▶ _DATASET EXTRACT_
------

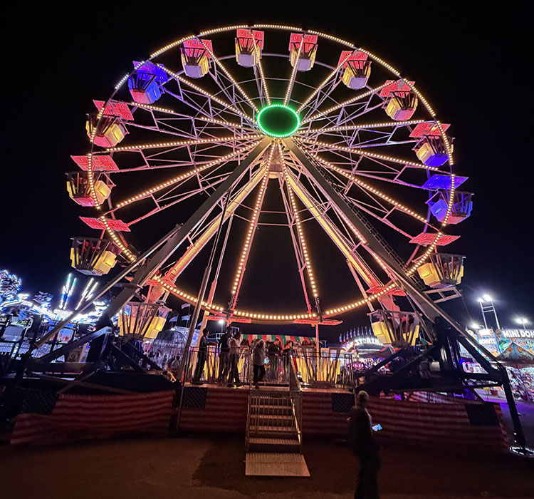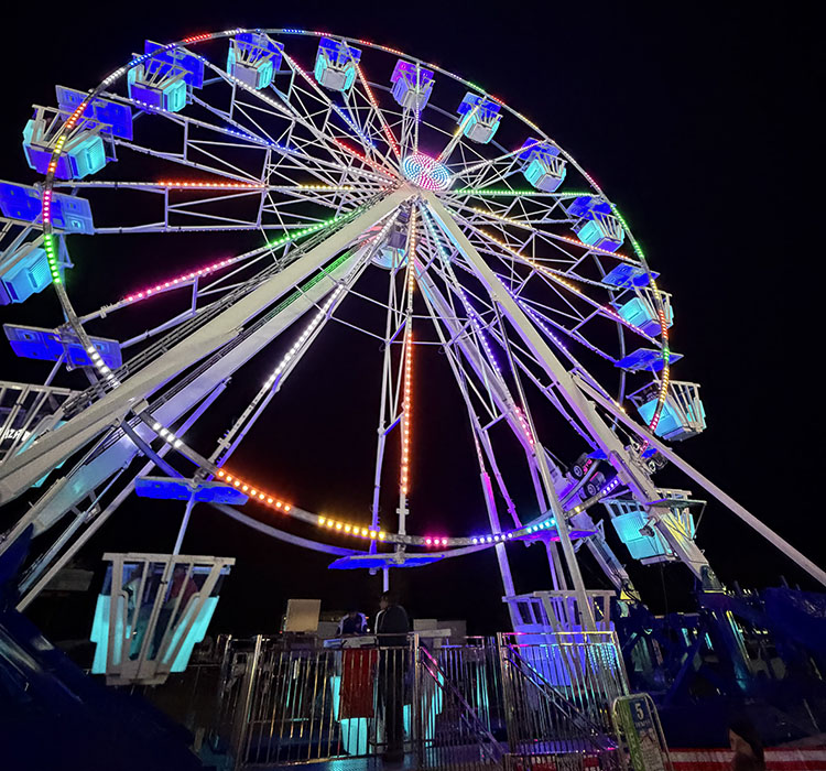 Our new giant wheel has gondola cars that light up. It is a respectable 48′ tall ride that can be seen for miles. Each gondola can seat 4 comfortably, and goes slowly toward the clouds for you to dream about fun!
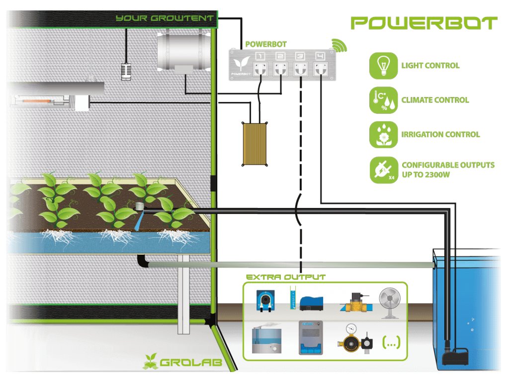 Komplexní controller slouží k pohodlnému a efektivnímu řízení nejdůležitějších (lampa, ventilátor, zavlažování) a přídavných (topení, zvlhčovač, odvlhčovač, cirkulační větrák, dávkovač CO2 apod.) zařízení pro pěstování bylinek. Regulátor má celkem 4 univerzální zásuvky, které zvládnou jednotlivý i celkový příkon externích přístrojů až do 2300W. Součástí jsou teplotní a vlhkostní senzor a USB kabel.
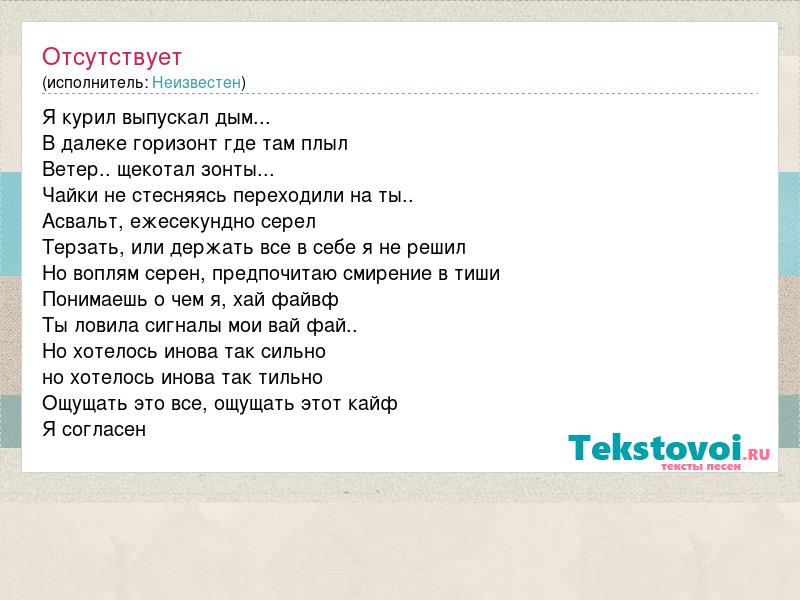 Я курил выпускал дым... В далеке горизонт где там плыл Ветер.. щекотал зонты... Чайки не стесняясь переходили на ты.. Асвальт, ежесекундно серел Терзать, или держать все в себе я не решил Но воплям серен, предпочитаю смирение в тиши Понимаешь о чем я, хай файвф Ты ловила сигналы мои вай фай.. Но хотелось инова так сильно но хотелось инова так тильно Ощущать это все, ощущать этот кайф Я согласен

------

▶ _PROBLEM DETAILS_
Copy all the material word for word, minus its pictures.

▶ _RESULT FOR THIS TASK_
 Our new giant wheel has gondola cars that light up. It is a respectable 48′ tall ride that can be seen for miles. Each gondola can seat 4 comfortably, and goes slowly toward the clouds for you to dream about fun!
 Komplexní controller slouží k pohodlnému a efektivnímu řízení nejdůležitějších (lampa, ventilátor, zavlažování) a přídavných (topení, zvlhčovač, odvlhčovač, cirkulační větrák, dávkovač CO2 apod.) zařízení pro pěstování bylinek. Regulátor má celkem 4 univerzální zásuvky, které zvládnou jednotlivý i celkový příkon externích přístrojů až do 2300W. Součástí jsou teplotní a vlhkostní senzor a USB kabel.
 Я курил выпускал дым... В далеке горизонт где там плыл Ветер.. щекотал зонты... Чайки не стесняясь переходили на ты.. Асвальт, ежесекундно серел Терзать, или держать все в себе я не решил Но воплям серен, предпочитаю смирение в тиши Понимаешь о чем я, хай файвф Ты ловила сигналы мои вай фай.. Но хотелось инова так сильно но хотелось инова так тильно Ощущать это все, ощущать этот кайф Я согласен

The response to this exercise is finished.